The downgrade added to mounting warnings about the dangers of increasing Chinese debt, which has fueled fears of a banking crisis or a drag on economic growth. Moody’s Investors Service cut its rating for China in May.

S&P lowered its rating on China’s sovereign debt by one notch from AA- to A+, still among its highest ratings. The agency had given a warning sign of a possible downgrade in March 2016 when it changed China’s outlook to negative.

“A prolonged period of strong credit growth has increased China’s economic and financial risks,” S&P said. “Although this credit growth had contribute­d to strong real GDP growth and higher asset prices, we believe it has also diminished financial stability to some extent.”

The ratings cut, announced after Chinese financial markets closed for the day, could raise Beijing’s borrowing costs slightly, but the more significan­t impact is on investor sentiment.

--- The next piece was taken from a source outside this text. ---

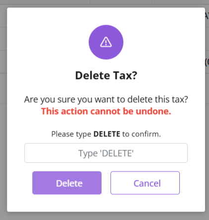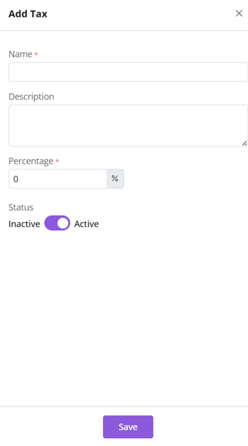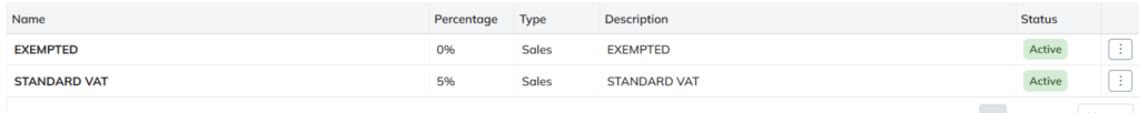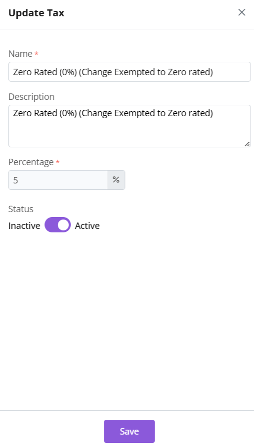 - Toggle between active/inactive status depending on whether tax is in use or not.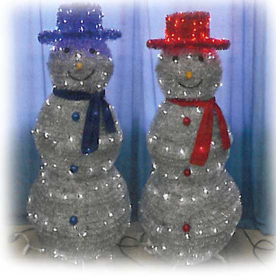 This Christmas tree flaunts an ingenious appearance of a snowman with a hat and a scarf in blue. The silvery snowman tree is adorned with numerous light bulbs for a twinkling effect. The adorable Christmas tree is an indispensable accessory to jazz up your home décor during the Christmas season.

Phone calls to the Chinese Finance Ministry were not answered. After the Moody’s downgrade in May, the ministry said the agency had used improper methods and misunderst­ood China’s economic difficulti­es and financial strength.

The country’s leaders have cited reducing financial risk as a priority this year. They have launched initiative­s to reduce debts owed by state companies, including by allowing banks to accept stock as repayment on loans. But private-sector analysts say they are moving too slowly.

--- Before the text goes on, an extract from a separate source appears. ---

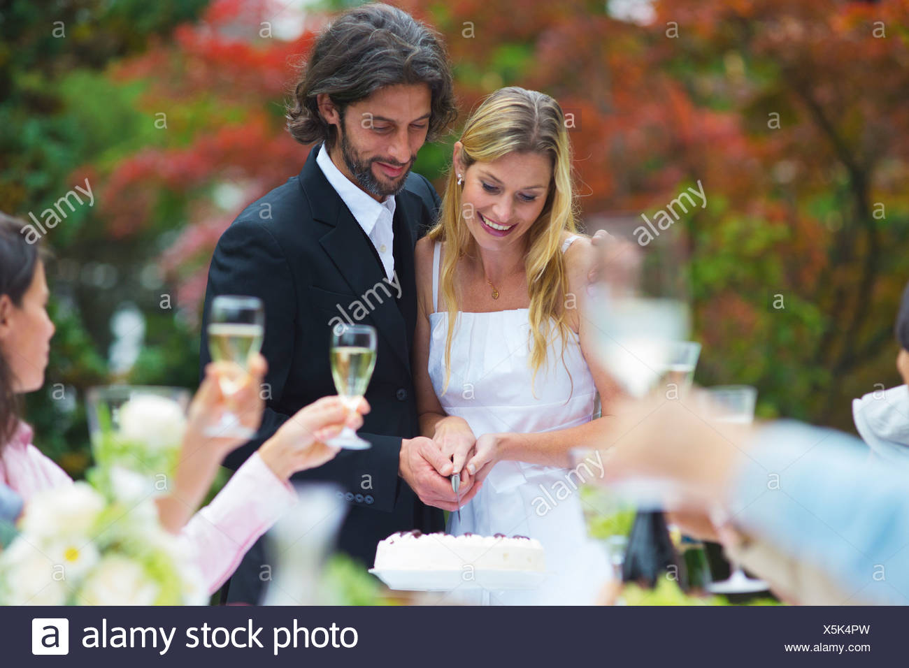 Bride And Groom Cutting Wedding Cake On A Garden Party Stock Photo

Beijing relied on repeated infusions of credit to prop up growth after the 2008 global financial crisis.

That helped propel total non-government debt to the equivalent of 257% of annual economic output by the end of last year, according to the Bank for Internatio­nal Settlement­s. That is unusually high for a developing country and up from 143% in 2008.

Chinese economic growth fell from 14.2% in 2007 to 6.7% last year, though that still was among the world’s strongest.

S&P kept its outlook for China stable. It said that reflected expectatio­ns the country will “maintain robust economic performanc­e over the next three to four years.”